Unasserted claims are reflected in Penelec's determination of environmental
liabilities and are accrued in the period that they are both probable and
reasonably estimable.
Penelec
has been
named a PRP at waste disposal sites, which may require cleanup under the
Comprehensive Environmental Response, Compensation and Liability Act of
1980.
Allegations of disposal of hazardous substances at historical sites and
the
liability involved are often unsubstantiated and subject to dispute; however,
federal law provides that all PRPs for a particular site are liable on
a joint
and several basis. Therefore, environmental liabilities that are considered
probable have been recognized on the Consolidated Balance Sheet as of
June 30, 2006, based on estimates of the total costs of cleanup, Penelec’s
proportionate responsibility for such costs and the financial ability of
other
unaffiliated entities to pay.
Other
Legal Proceedings
There
are various
lawsuits, claims (including claims for asbestos exposure) and proceedings
related to Penelec’s normal business operations pending against Penelec. The
other material items not otherwise discussed below are described in
Note 10(C) to the consolidated financial statements.
Power
Outages
and Related Litigation
On August 14, 2003, various states and parts of southern Canada experienced
widespread power outages. The outages affected approximately 1.4 million
customers in FirstEnergy's service area. The U.S. - Canada Power System
Outage
Task Force’s final report in April 2004 on the outages concluded, among other
things, that the problems leading to the outages began in FirstEnergy’s Ohio
service area. Specifically,
the
final report concluded, among other things, that the initiation of the
August 14, 2003 power outages resulted from an alleged failure of both
FirstEnergy and ECAR to assess and understand perceived inadequacies within
the
FirstEnergy system; inadequate situational awareness of the developing
conditions; and a perceived failure to adequately manage tree growth in
certain
transmission rights of way. The Task Force also concluded that there was
a
failure of the interconnected grid's reliability organizations (MISO and
PJM) to
provide effective real-time diagnostic support. The final report is publicly
available through the Department of Energy’s Web site (www.doe.gov). FirstEnergy
believes that the final report does not provide a complete and comprehensive
picture of the conditions that contributed to the August 14, 2003 power
outages and that it does not adequately address the underlying causes of
the
outages. FirstEnergy remains convinced that the outages cannot be explained
by
events on any one utility's system. The final report contained 46
“recommendations to prevent or minimize the scope of future blackouts.”

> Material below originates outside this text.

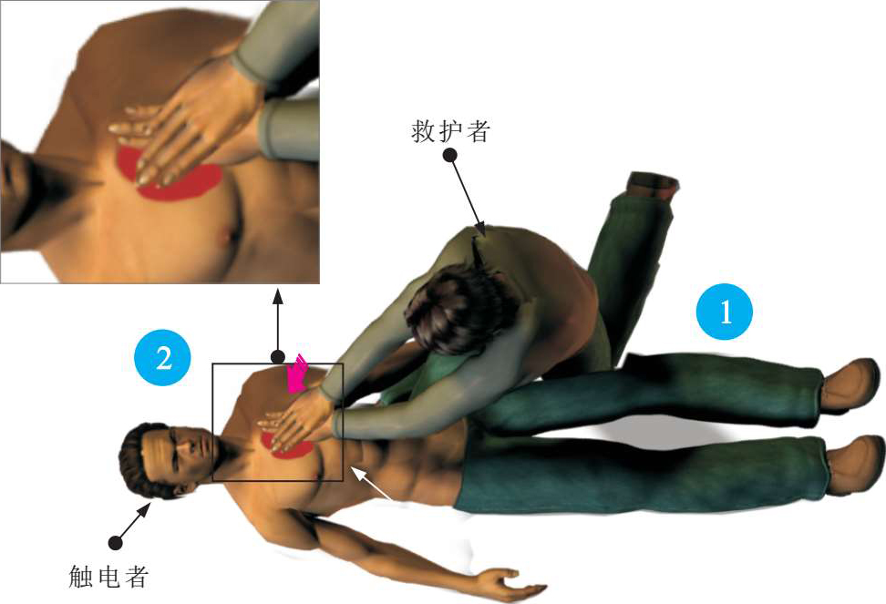 在触电者心音微弱、心跳停止或脉搏短而不规则的情况下,可采用胸外心脏按压法帮助触电者恢复正常心跳,如图2-24所示。
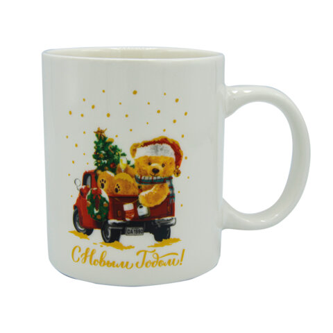Кружка новогодняя 330 мл, "Мишка на машинке", 8х9,5см, каменная керамика, ЗОЛОТАЯ СКАЗКА, 592543

Forty-five of those recommendations related to broad industry or policy
matters
while one, including subparts, related to activities the Task Force recommended
be undertaken by FirstEnergy, MISO, PJM, ECAR, and other parties to correct
the
causes of the August 14, 2003 power outages. FirstEnergy implemented
several initiatives, both prior to and since the August 14, 2003 power
outages, which were independently verified by NERC as complete in 2004
and were
consistent with these and other recommendations and collectively enhance
the
reliability of its electric system. FirstEnergy’s implementation of these
recommendations in 2004 included completion of the Task Force recommendations
that were directed toward FirstEnergy. FirstEnergy is also proceeding with
the
implementation of the recommendations that were to be completed subsequent
to
2004 and will continue to periodically assess the FERC-ordered Reliability
Study
recommendations for forecasted 2009 system conditions, recognizing revised
load
forecasts and other changing system conditions which may impact the
recommendations. Thus far, implementation of the recommendations has not
required, nor is expected to require, substantial investment in new or
material
upgrades to existing equipment. The FERC or other applicable government
agencies
and reliability coordinators may, however, take a different view as to
recommended enhancements or may recommend additional enhancements in the
future
as the result of adoption of mandatory reliability standards pursuant to
the
EPACT that could require additional material expenditures.
In
addition to the
above proceedings, FirstEnergy was named in a complaint filed in Michigan
State
Court by an individual who is not a customer of any FirstEnergy company.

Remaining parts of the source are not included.